Пока мы тряслись на лошадях по совершенно плоской равнине, обрамленной двумя могучими реками, я пытался рассуждать о неведомом мне будущем и ответить на главный вопрос — почему я? Ясно, что у царя Александра было много помощников и друзей, готовых исполнить его волю, но в последнем сражении часть из них получила ранения, и теперь пребывала в опытных руках лекарей. Не сомневаюсь, что царственный взор обратился тогда на Птолемея, как на опытного переговорщика, а тот, осторожный во всем, что касается его драгоценной жизни, отправил меня. Меня — не жалко! Я ругал себя за то, что смалодушничал и сразу согласился. Ведь только несколько дней назад моя жизнь висела на волоске, который был готов оборваться от всего лишь точного удара меча. Получается, что я так цепляюсь за жизнь Каласа и совсем не ценю собственную, будто играю с собственной судьбой, полагаюсь на волю богов, как сказал бы Эней, живший в части моей личности.

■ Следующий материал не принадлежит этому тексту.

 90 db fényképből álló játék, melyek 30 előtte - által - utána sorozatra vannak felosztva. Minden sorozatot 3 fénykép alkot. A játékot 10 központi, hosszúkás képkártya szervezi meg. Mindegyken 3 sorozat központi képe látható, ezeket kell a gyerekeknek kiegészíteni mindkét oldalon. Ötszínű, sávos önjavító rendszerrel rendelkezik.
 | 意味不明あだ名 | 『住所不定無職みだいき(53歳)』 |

Доспех, который был на мне во время сражения, уберег от многих ран, но глубокий порез, протянувшийся от плеча к груди, шириной в ладонь, доставлял беспокойство. Кадм помог наложить бинты — неправильно, но намеренно, крепко притянув плечо к торсу, так, что я мог двигать своей правой рукой, начиная от локтя, и управлению лошадью это не мешало. Но, когда она шла рысью, то тело мое сотрясалось, понемногу сбивая с места повязку и причиняя сильную боль. Мои спутники пытались разговорить меня на протяжении всего пути, но им это удалось только тогда, когда вдалеке мы увидели стены города. Я был поражен: еще нигде за время нашего пути я не видел таких протяженных и высоких крепостных стен. За ними возвышались еще стены и еще, а потом высокие ступенчатые башни храмов… Мне стало грустно — осаждать этот город будет очень тяжело, и вся теперь надежда на мое красноречие и жадность бывших слуг персидского царя.

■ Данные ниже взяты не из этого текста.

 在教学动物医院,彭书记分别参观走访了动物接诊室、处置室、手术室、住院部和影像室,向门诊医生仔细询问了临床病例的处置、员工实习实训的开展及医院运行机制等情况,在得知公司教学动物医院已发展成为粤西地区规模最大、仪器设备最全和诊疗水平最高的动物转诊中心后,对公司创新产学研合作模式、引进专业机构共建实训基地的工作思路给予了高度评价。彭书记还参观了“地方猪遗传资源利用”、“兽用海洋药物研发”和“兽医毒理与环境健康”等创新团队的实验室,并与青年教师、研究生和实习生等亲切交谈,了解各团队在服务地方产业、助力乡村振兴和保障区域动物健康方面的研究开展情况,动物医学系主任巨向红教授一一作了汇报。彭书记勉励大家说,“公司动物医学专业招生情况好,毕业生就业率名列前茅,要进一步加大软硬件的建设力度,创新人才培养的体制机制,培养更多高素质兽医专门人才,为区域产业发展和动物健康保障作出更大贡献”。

Мои спутники оказались братьями и сыновьями наместника Абулита, сатрапа Сузианы. Им хорошо был известен Вавилон, они восхищались этим городом, хотя постоянно жили в городе Сузы, который, по их хвастливым словам, был еще богаче Вавилона, поскольку этот город, лежащий перед нами, неоднократно подвергался разграблению в прошлом, но еще имел крепкие стены.

Мы подъехали почти вплотную к реке Ефрат и въезжали в город по дороге Процессий — прямой улице, огражденной высокими стенами, сложенными из кирпича. С обеих сторон нас встречали изображенные на стенах быки, львы и существа со змеиными шеями, рогами и когтями.

— Мушруш, — сказал один из персов, заметив мой интерес, — мушруш, — повторил он, показывая пальцем на неизвестное существо. Я подъехал ближе и прикоснулся к стене: сине-черный цвет кирпичам придавала гладкая и скользкая на ощупь заливная облицовка, скрывая под собой все неровности. По этой причине стены казались монолитными и сияли в лучах яркого солнца.

Внутрь первого круга обороны нас впустили беспрепятственно, хотя ворота внешней стены хорошо охранялись, поэтому торговцы и путники, прибывшие ранее, поворачивали свои караваны, обходя город вокруг, в надежде, что их впустят с южной стороны или уходили прочь, поскольку судьба этого места была известна только их богам. По дороге Процессий мы проследовали в полном одиночестве, и имена моих спутников опять оказались ключом к следующим воротам в город. Миновав их, мы сразу повернули направо, где располагались кирпичные строения, похожие на огромный дворец или мощную крепость. Там уже собрались вооруженные люди, которые были предупреждены о нашем приезде. Когда я ступил на твердую землю, то страх вновь захватил мое сердце: ко входу в дворец вел узкий проход, образованный вооруженными воинами, вставшими в две шеренги. Ручаюсь, они были немало удивлены, увидев перед собой только одного молодого и безоружного юношу, а не толпу седых македонских царедворцев, прибывших просить о мире. Столь сильная охрана казалась неуместной, а я почувствовал себя осужденным на казнь и сделал шаг.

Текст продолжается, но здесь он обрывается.